First, in the process of feature expression, part of the algorithm first makes strict assumptions about features, such as samples having only one set of features or obeying the same distribution. Since the samples are reduced from a high-dimensional space to a low-dimensional subspace after being subjected to feature expression, these algorithms can be called single subspace algorithms. The strict assumption of the simplex space algorithm is convenient for obtaining the characteristic mode, and the functional area distribution can be obtained by clustering according to the relation between the samples and the characteristics, but if the weight occupied by the sample information is smaller, the sample information will be marginalized after the characteristics are expressed, so that the clustering result is inaccurate. And there are characteristic differences between functional regions, each of which cannot be described concisely and accurately using the same set of characteristics. When the data is too large and the feature pattern is too complex, the assumption of the feature pattern by the single subspace model will limit the mining of the feature. They cannot handle more complex data.

Second, these models ignore the geometric meaning of the vector space. The geometrical properties of the subspace are related to the characteristics of the urban functional area, and the prior art has ignored discussion and consideration of this.

Disclosure of Invention

In view of the above, the present invention provides a method for identifying an urban functional area based on a multi-subspace model, which utilizes human activity information provided by geographic big data, overcomes the defects in the prior art by using the multi-subspace model, and can identify the urban functional area more accurately.

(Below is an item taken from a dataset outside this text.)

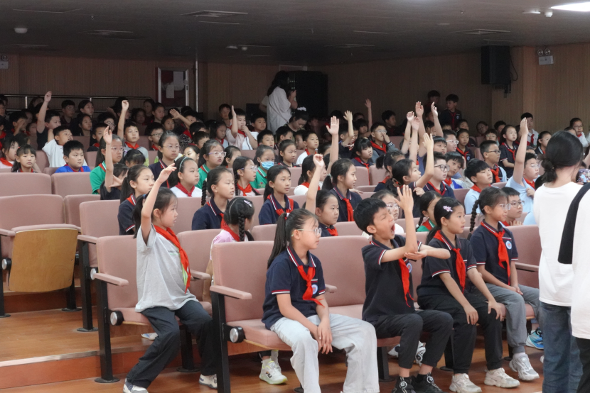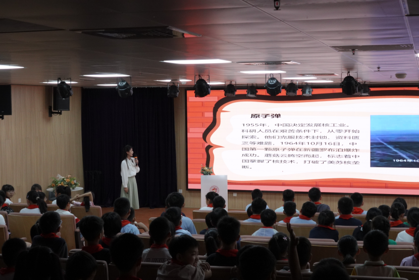 宣讲首先从历史大背景出发,回顾新中国成立初期的国防形势。主讲人程晨通过提问的方式让小学生们了解到“两弹一星”的“两弹”和“一星”分别是什么,用生动有趣的方式向小学生们从多方面介绍了“两弹一星”精神的内涵,讲述了老一辈科学家在戈壁深处隐姓埋名、自力更生的奋斗史诗,将“热爱祖国、无私奉献,自力更生、艰苦奋斗”的精神火种播撒进童心,获得了学生们的积极响应。主讲人用鲜活事例让现场师生感受到,正是无数科研人员舍小家为大家、不计个人得失、甘于清贫和奉献的精神支撑,让中国在短短几年内实现了与美、苏两国几乎“逐梦竞速”的科技突破。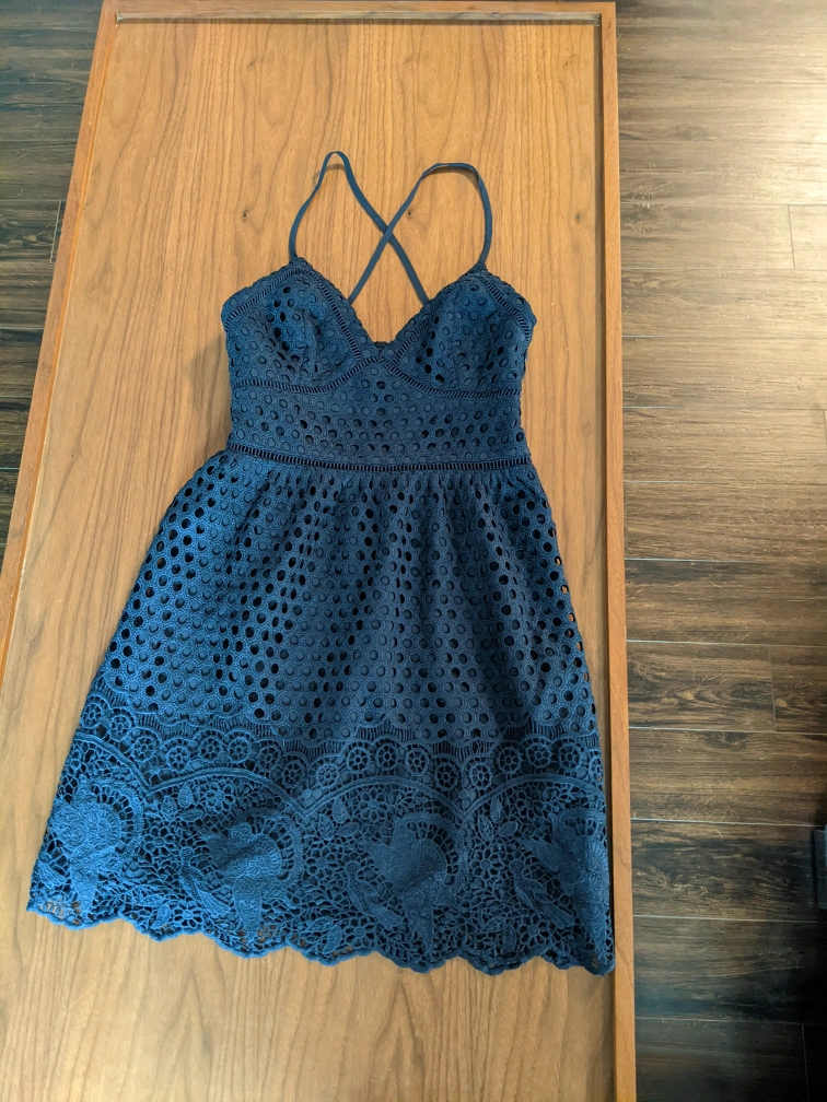 Gorgeous dress with criss cross straps on back, blue lace details, flattering style. worn once and gently washed. laid to dry. pickup downtown near OCAD on McCaul st Toronto tags: dress ladies women girls teen skirt blue navy lace formal semi prom ever holiday party wedding engagement moving sale bundle

The invention aims to realize the method, and the method for identifying the urban functional area based on the multi-subspace model comprises the following steps:

step 1, taxi track data and check-in data in a research area are obtained;

step 2, constructing a time sequence characteristic matrix C facing to partitions and based on the visiting purpose;

step 3, inputting the time sequence characteristic matrix C to a sparse subspace clustering algorithm, and calculating to obtain the corresponding relation between the geographic unit and the urban functional area;

and 4, acquiring the remarkable characteristic location of each functional area, and further identifying the main function of each functional area.

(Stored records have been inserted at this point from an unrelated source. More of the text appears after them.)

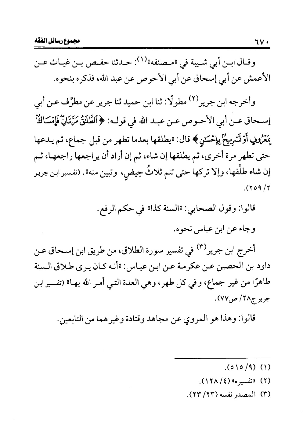 وأخرجه ابن جرير (¬٢) مطولًا: ثنا ابن حميد ثنا جرير عن مطرِّف عن أبي إسحاق عن أبي الأحوص عن عبد الله في قوله: {الطَّلَاقُ مَرَّتَانِ فَإِمْسَاكٌ بِمَعْرُوفٍ أَوْ تَسْرِيحٌ بِإِحْسَانٍ} قال: "يطلقها بعدما تطهر من قبل جماع، ثم يدعها حتى تطهر مرة أخرى، ثم يطلقها إن شاء، ثم إن أراد أن يراجعها راجعها، ثم إن شاء طلَّقها، وإلا تركها حتى تتم ثلاثُ حِيضٍ، وتبين منه". (تفسير ابن جرير ٢/ ٢٥٩).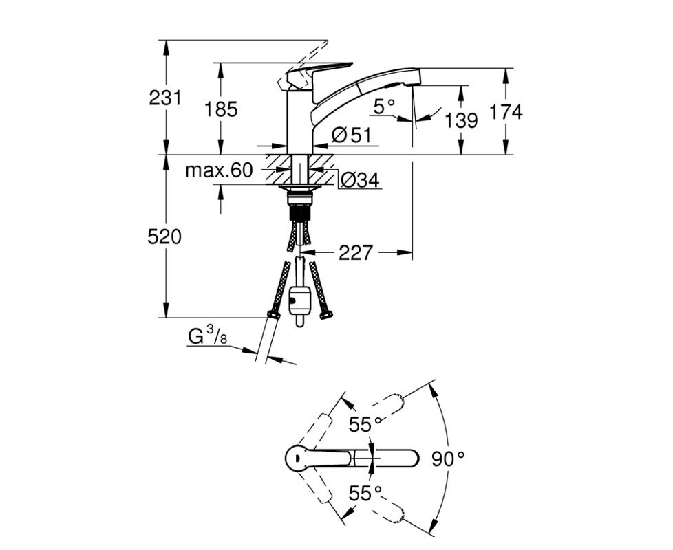 Смеситель для кухни, с выдвижным изливом, черный Grohe QuickFix Start 303072431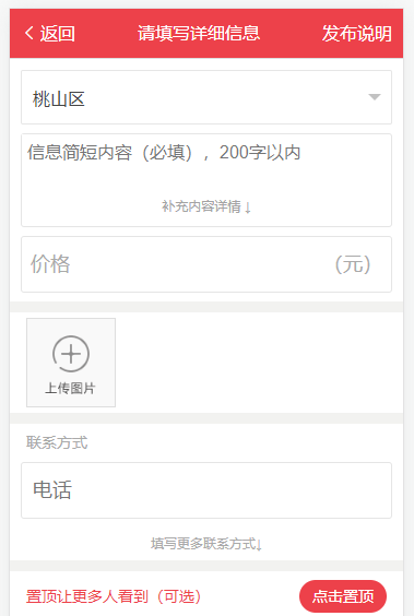 本着“简单、方便、实用”的理念,让用户快速发布信息,是时候取消信息标题填写了,直接填写信息内容,列表页显示内容前15个字就行,某8发布有的分类也不填写标题,又如闲鱼发布也不用填标题。或者后台做个开关,可以选择是否填写标题,这个功能简单但很重要,希望官方慎重考虑!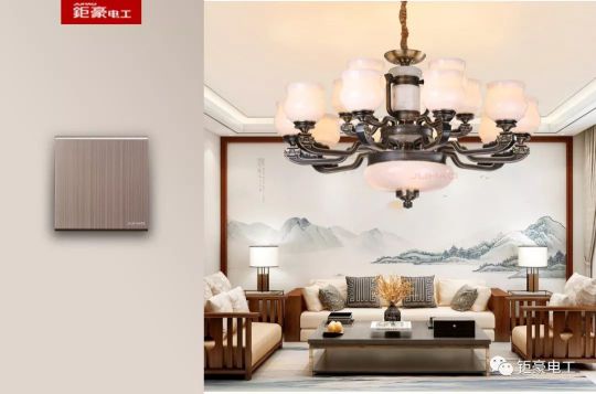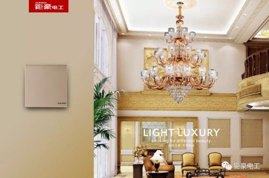 開關搭配:輕奢風格的燈飾,搭配香檳金輕奢元素點綴的開關,與帶輕奢風的燈飾相得益彰,馬上把家中的氛圍”點亮“了起來。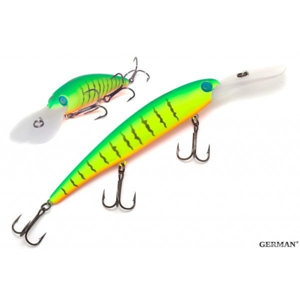 Универсальный воблер семейства минноу от компании GERMAN. Хорошо работает при троллинге,благодаря своей игре, а так же заглублению на 7-9 метров. Хорошо зарекомендовал себя среди рыболовов, благодаря своей цене, а так же результатом. Целевая рыба - щука, судак, крупный окунь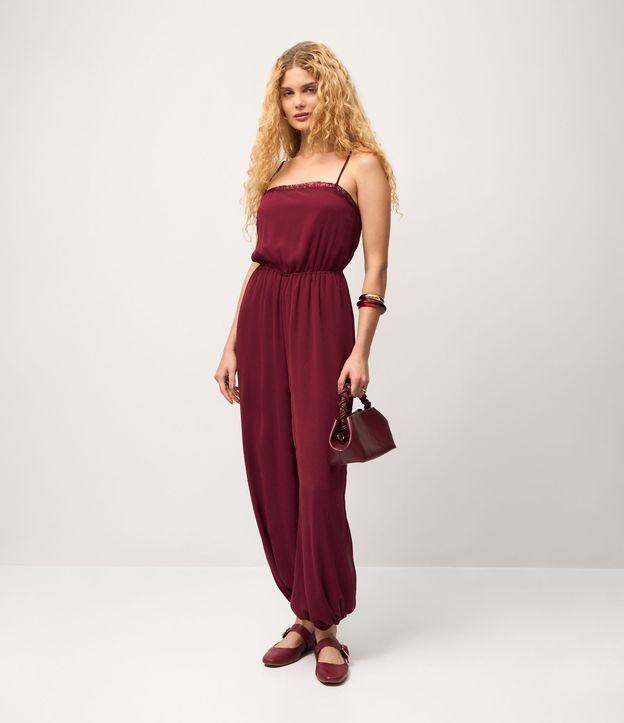 Macacão Cenoura em Chiffon com Renda e Cinto Metálico Vermelho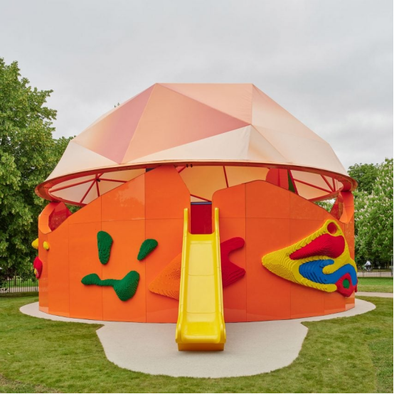 倫敦肯辛頓花園的蛇形畫廊年度夏季展亭向來是建筑實驗場,今年首度增設兒童展亭。英國建筑師彼得·庫克——1960年代前衛建筑團體Archigram的聯合創始人——為橙色波浪墻體加冕網格穹頂,延續其標志性的未來主義風格。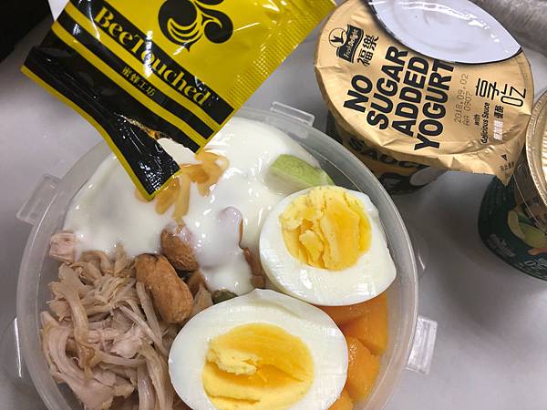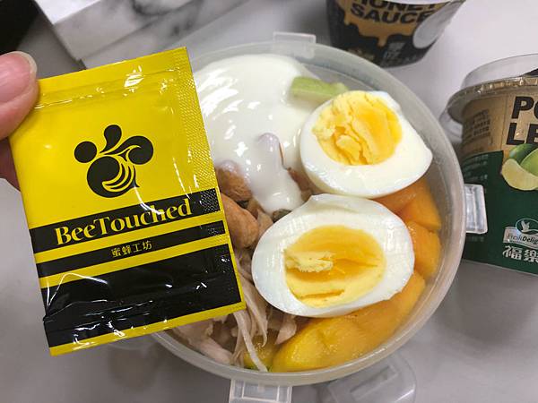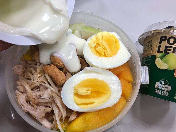首先先倒入一半的優格,在淋上蜂蜜上,雞肉絲搭配優格的滋味滿奇妙的,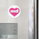 This magnet features a vibrant hot pink heart containing the bold, rounded, white lower case letters md, a playful version of the abbreviation for Maryland, the old line state.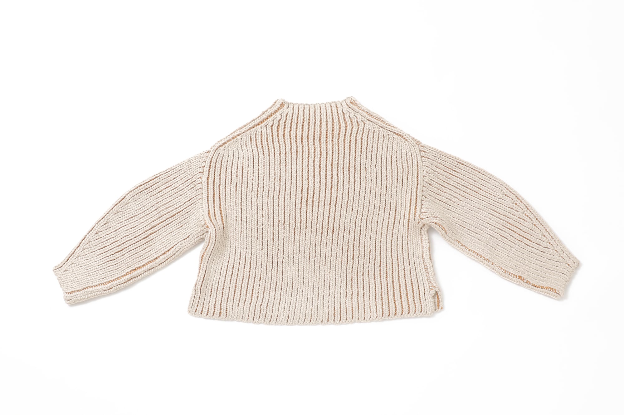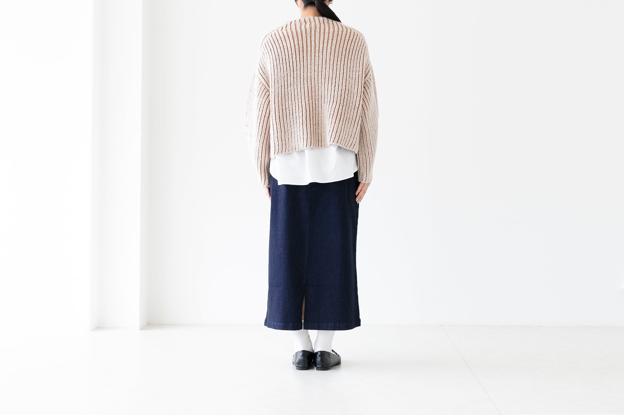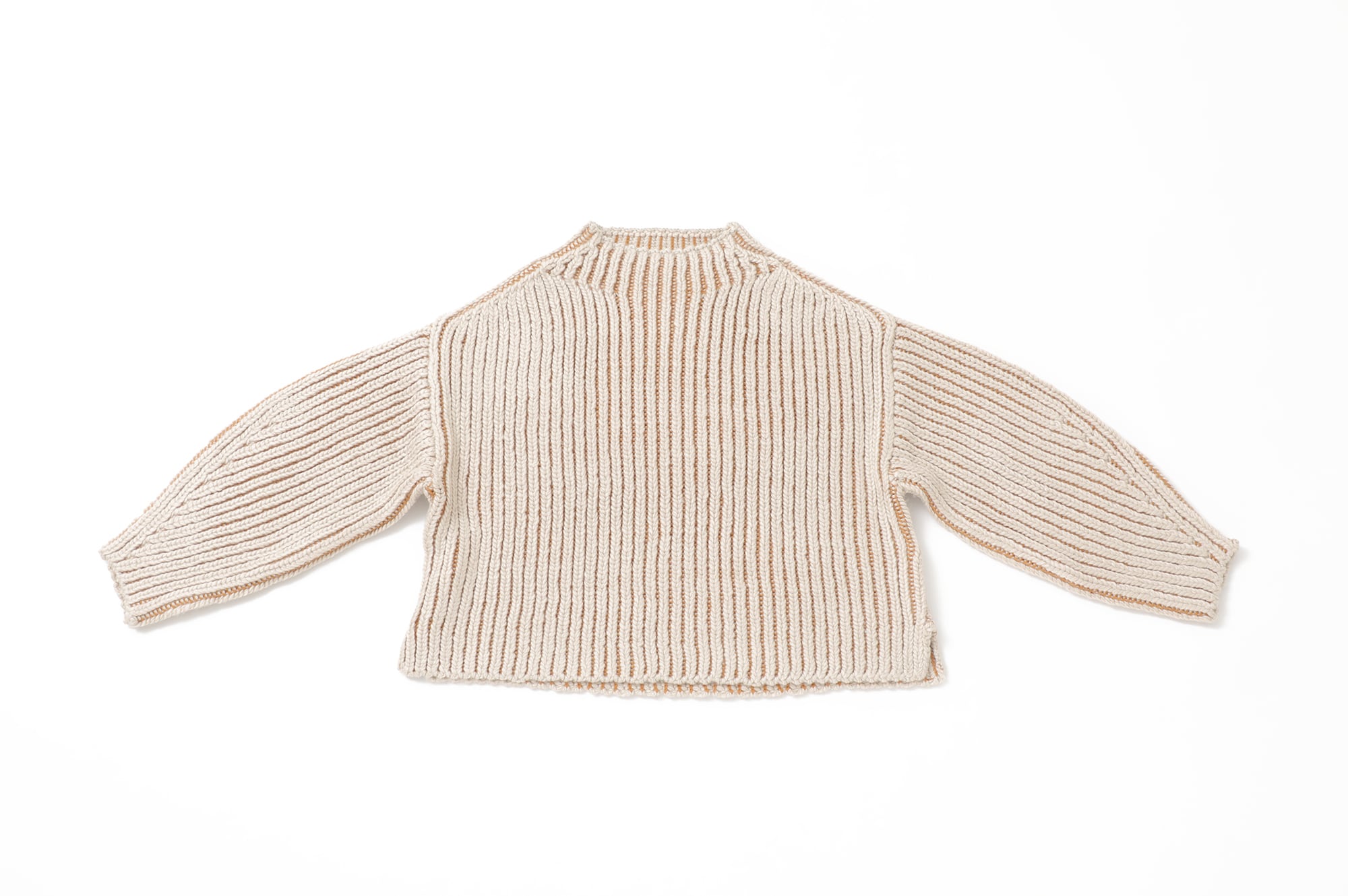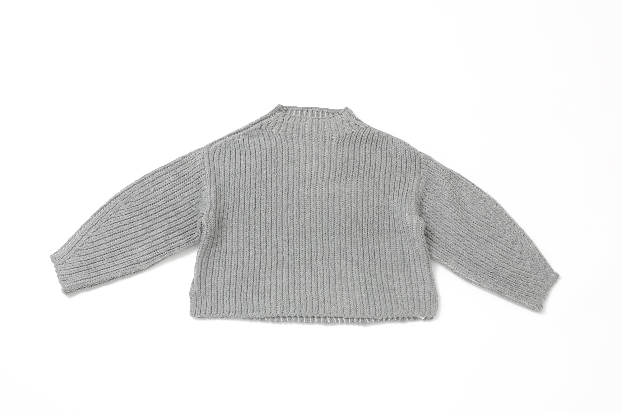 ローゲージ でざっくりと編み立てした、ショート丈のリブニットです。

Specifically, the process of constructing the time sequence feature matrix C in step 2 includes the following steps:

step 201, dividing the research area to obtain N geographic units;

step 202, preprocessing the taxi track data, eliminating abnormal points, extracting the end point and the arrival time of each journey, and mapping the end point and the geographic unit to obtain the visit record of the geographic unit;

step 203, matching the check-in data records with visit records of the geographic units, and classifying the purpose of each visit;

step 204, constructing a time sequence feature matrix C with M rows and N columns, which represents the human activity dynamic carried by the geographic unit in a period of time, wherein M is T × D, T represents the number of divided time segments, D represents the number of categories of visited destinations, and each column in C represents the number of people visiting the corresponding geographic unit for different purposes in different time segments.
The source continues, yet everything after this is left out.